Pinhole has a remarkable history in both science and art. Pinholes in the ceiling of many early cathedrals in Europe were used for telling time in the middle ages, and in fact the Gregorian calendar (1582) was achieved through use of pinhole imaging of the sun at the Tower of Winds in the Vatican in Rome. Leonardo da Vinci, Rene Decartes, Albrecht Durer, and Isaac Newton all used pinhole for research. The first photographic pinhole images probably came from the 1850's. In the 1890's pinhole photography was widely used to achieve "atmospheric" soft focus imaging. The first disposable camera "The Ready Fotografer" was pinhole, manufactured in 1892. The Nobel prize winner, Lord Rayleigh, researched pinhole in the 1880s to achieve the optimal pinhole formulas still used by scientists today.

In the past two decades, a great amount of fascinating pinhole imagery has been made by many photographers throughout the world.
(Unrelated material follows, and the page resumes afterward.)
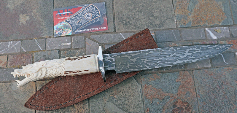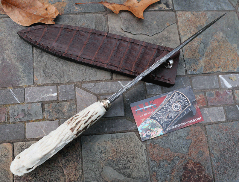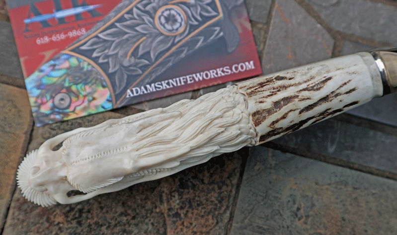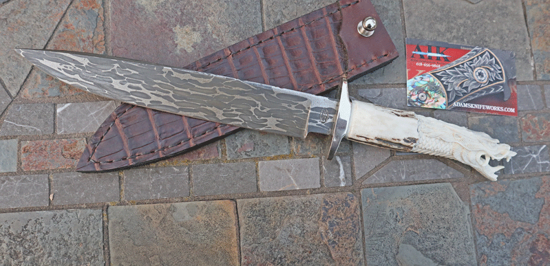 Bill Miller Hand Carved Stag Bowie Fighter with Damascus

A selection of pinhole photographs and cameras can be seen in our Select Images from the Permanent Collection. Thomas Bachler of Germany made pinhole images by placing film in his mouth and forming his lips into a pinhole. When the Berlin Wall came down, Marcus Kaiser used holes in the wall as the vessel for his camera, placing a film holder taped to one side of the hole, and a pinhole taped to the other side of the hole. He then reversed the procedure, so that he could make pinhole images of both East and West Berlin. Dominique Stroobant of Italy made six month long pinhole exposures of the sun crossing the sky. Anyone interested in seeing a huge variety of pinhole images can find them in Pinhole Journal, our magazine dedicated to pinhole photography.